Temperature- and wavelength-insensitive parametric amplification enabled by noncollinear achromatic phase-matching

Optical parametric chirped-pulse amplification (OPCPA) has been demonstrated to be a promising approach for pushing femtosecond pulses towards ultra-high peak powers. However, the future success of OPCPA strongly relies on the ability to manipulate its phase-matching (PM) configuration. When a high average power pump laser is involved, the thermal effects in nonlinear crystals induce phase-mismatch distortions that pose an inherent limitation on the conversion efficiency. Here, we demonstrate that the noncollinear configuration previously adopted for wavelength-insensitive PM can be employed for temperature-insensitive PM when the noncollinear angle is properly reset.

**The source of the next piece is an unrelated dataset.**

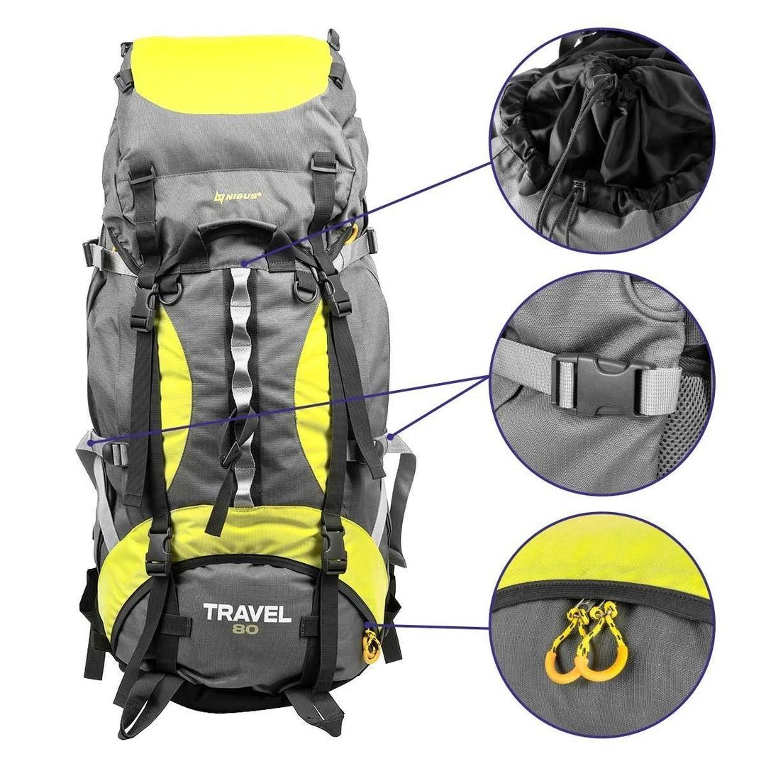 - LARGE CAPACITY: Â The NISUS TRAVEL backpack provides an 80L of space for the traveler, suitable for a multi-day trip. Â It has a spacious main compartment and detachable lid pocket with inner and outer compartments for all the necessary items.
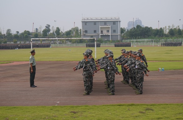 海洋迷彩、笔直的身形和坚定的眼神勾勒出军训场上一道靓丽的风景线。将军姿当作一种不屈的姿态,将齐步当作一种进取的姿态,将正步当作一种奋发的姿态。朦胧雨雾中,我们依然能看到教官严格训练的场面,新生刚毅充满活力的脸庞,坚定不言放弃的神情。这是属于管理学院2015级新生的独特风采。

Simultaneous temperature- and wavelength-insensitive PM is realized for the first time by imposing such a temperature-insensitive noncollinear configuration with an angularly dispersed seed signal. Based on the lithium triborate crystal, the proposed noncollinear achromatic PM has a thermal acceptance 6 times larger than that of the conventional wavelength-insensitive noncollinear PM and has a sufficient spectral acceptance to support pulse durations of ~20 fs at 800 nm. These achievements open new possibilities for generating ultra-high peak power lasers with high average power.